Planning lifecycle activities for safety instrumented systems

Modern industrial safety instrumented systems are often required to be designed in accordance with IEC 61508 or IEC 61511. These standards about functional safety take a lifecycle view on the safety instrumented system. Most people associate this with SIL – or safety integrity levels, which is an important concept in these standards. Many newcomers to functional safety focus only on quantitative measures of reliability and do not engage with the lifecycle process. This leads to poorer designs than necessary, and compliance with requirements from these standards is not possible without taking the whole lifecycle into account.

A good way to look at a safety instrumented system, is to define phases of the lifecycle, and then assign activities for managing the safety instrumented system throughout these phases. Based on IEC 61511 we can define these phases as:

  • Design
  • Construction
  • Commissioning
  • Operation and maintenance
  • Decomissioning

In other words – we need to manage the safety instrumented system from conception to grave – in line with asset management thinking in general. For each these phases there will typically be various activities related to the safety instrumented system that we will need to focus on. For example, in the design phase we need to focus on identifying the necessary risk reduction, performing risk analysis and determining necessary SILs for the different safety instrumented functions making up the system. A key document emerging from this phase is the “Safety Requirement Specification”. Typically, in the same phase one would start to map out vendors and put out requests for offers on equipment to buy. A guideline for vendors on what type of documentation they should provide would also be good to prepare in this early phase. The Norwegian oil and gas association has made a very nice guideline (Guideline No. 070) for application of functional safety in the oil industry; this guideline contains a very good description of what type of documentation would need to be collected. This is a good starting point.
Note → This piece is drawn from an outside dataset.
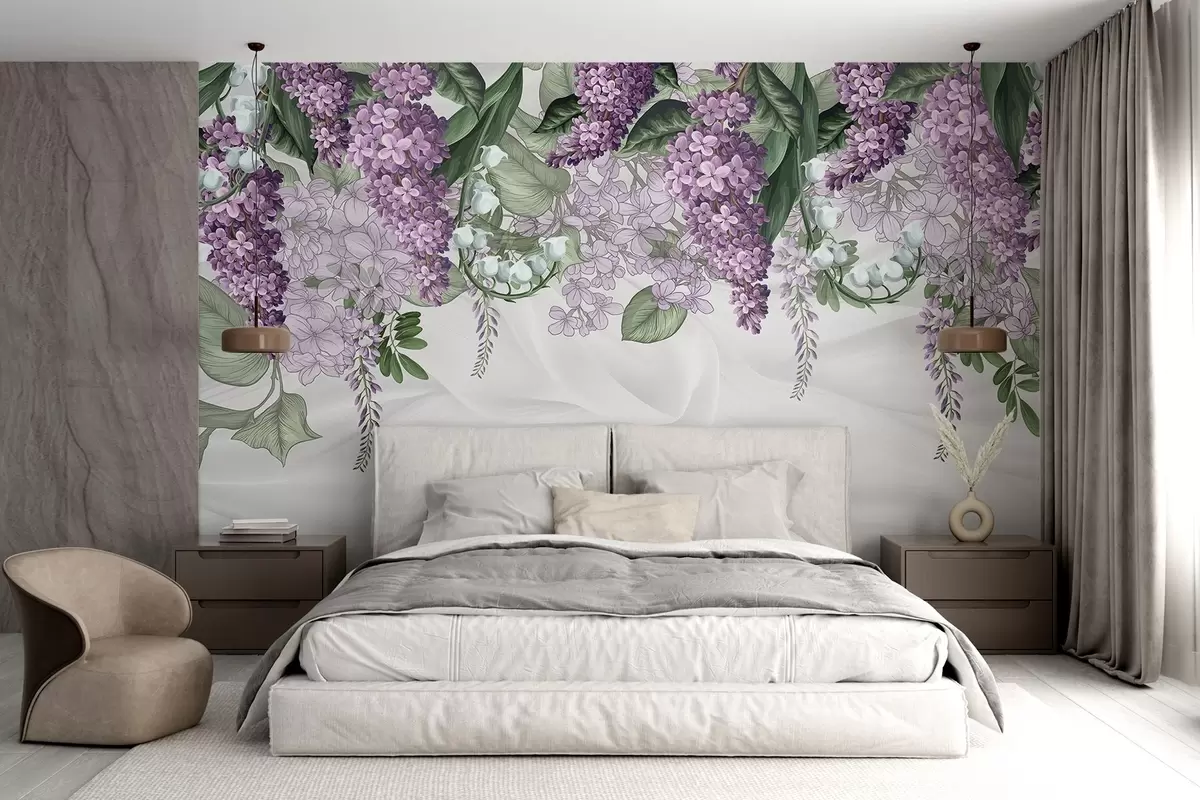 Fototapeten Pastelllila Blumen und grüne Blätter auf weißem Hintergrund mit Kunstseide fabriс Textur N° w08825

Also part of design, and typically lasting into the construction phase as well, we would find activities such as compliance assessment (it is necessary to check whether the requirements in the SRS are actually fulfilled, based on documentation form eqipment vendors and system integrators). In addition, at this point it is necessary to complete a Functional Safey Assessment (FSA), a third-party review in the form of an audit to check that the work has been done the way the standards require us to.
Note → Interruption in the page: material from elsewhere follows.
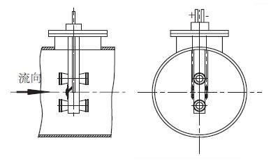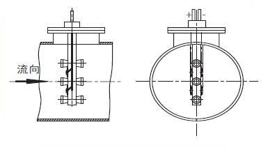 2. 確定安裝位置后,按要求沿管道軸線方向開一個(或多個方孔),再將法蘭安放到大管道矩形長方孔上并焊接,施焊時注意法蘭盤對稱軸與管道軸線平行,并確保插入式多喉徑插入管道中心處,或通過并垂直管道中心軸線,其全壓測量管必須正對流速方向。
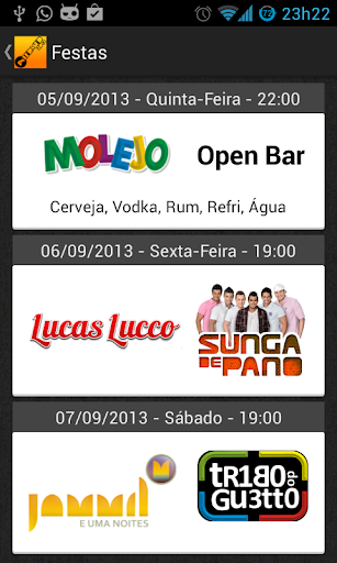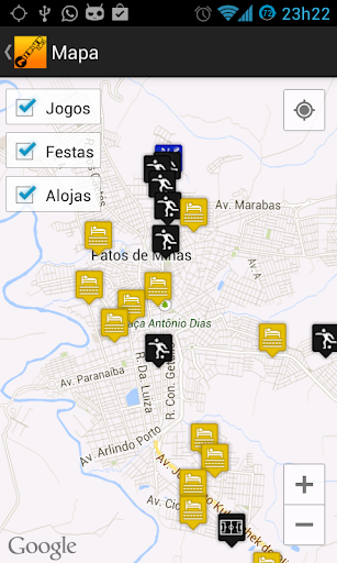 * Mapa com locais úteis (jogos, festas, alojamentos)

Part of the plan should be on how to commission the safety instrumented system. When are the different functions tested, what type of verifications are we doing on the programming of actions based on inputs? Who is responsibel for this? All of this should be planned out from the start.

Further, when the system is taken into operation, the complete asset (including the SIS) is delivered to the company that is going to operate it. The owner is then responsible for maintenance of the system, for proof testing and ensuring that all barrier elements necessary for the system to work are in place. These type of activities should be planned as well.

Finally, the end-of-life for the asset should be managed. How to actually manage that should be part of the plan – taking the system out of service as a whole or only in parts shoudl still be done while maintaining the right level of safety for people, environment and other assets that may be harmed if an accident should occur.

Finally, there are a number of aspects that should be included in a plan for managing functional safety, that span over all these lifecycle phases. These are things like competence management of people involved in working with the SIS in the different lifecycles, how to deal with changes of the system or the environment the system is operating in, who is responsible for what and how to communicate across company interfaces – this list is not exhaustive. Consult the standards for looking at the details.

If all organizations involved in functional safety design would plan out their acitivites in a good way fewer changes would occur towards the end of large engineering projects, better quality would be obtained at a lower cost. And this, is a low-hanging fruit that we all should grab.